Structure-activity studies on the N-terminal region of glucagon.

Using solid-phase methodology and preparative medium- and high-performance reverse-phase liquid chromatography, we have synthesized glucagon and its Arg12 analogue in approximately 5% yields. The synthetic glucagon was fully active relative to natural material, and the Arg12 peptide exhibited 50% activity. Since perhaps the most critical part of the glucagon-family peptides is the N-terminal hexapeptide region, both batches of resin were split during synthesis in order to prepare two series of analogues based on glucagon and [Arg12]glucagon with changes in the His-Ser-Gln-Gly-Thr-Phe sequence.

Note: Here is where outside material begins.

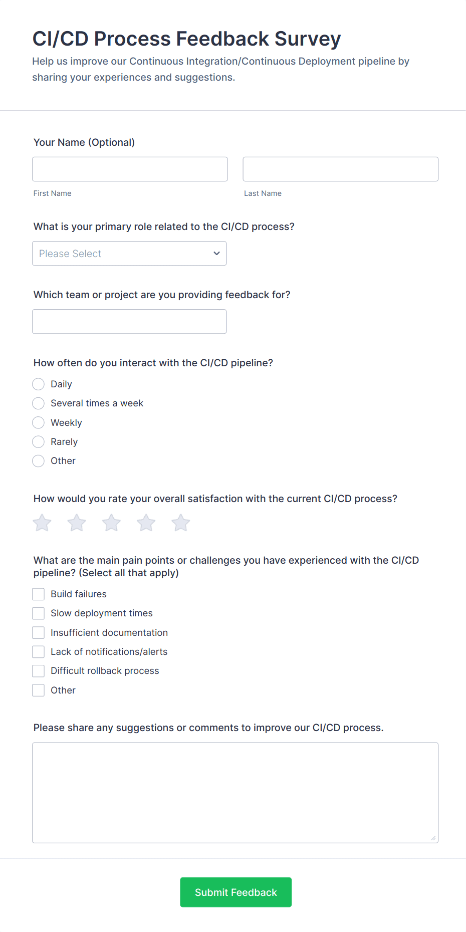 AI Agent Chat Interaction Feedback Form helps product and support teams collect user satisfaction scores and comments about AI chats, turning feedback into insights to improve AI experiences.

The following new analogues were tested for their effects on blood glucose levels in normal male rats relative to glucagon and gave the following activities: [Ac-His1,Arg12]glucagon, 46%; [3-Me-His1,Arg12]glucagon, 30%; [Phe1,Arg12 )glucagon, 31%; [Des-His1,Arg12]glucagon, 4%; [D-Ala2,Arg12]glucagon, 44%; [D-p-Cl-Phe1,D-Ala4,Arg12]glucagon, 9%; [D-Phe4]glucagon, 655%; [Ala2]glucagon, 9%. These data indicate that the amino or imidazole nitrogens of the histidine residue are not essential for biological activity. However, an aromatic group in position 1 may be important, since the Phe1 analogue is almost as active as glucagon in our bioassay. The superagonist activity with [D-Phe4]glucagon, which was synthesized to test the hypothesis that a beta-bend conformation occurs at this position in glucagon by analogy with luteinizing hormone-releasing hormone and other Gly-containing peptides, indicates that this is indeed the case and has important implications for the receptor-recognition requirements of the glucagon-secretin-vasoactive intestinal peptide family of peptides.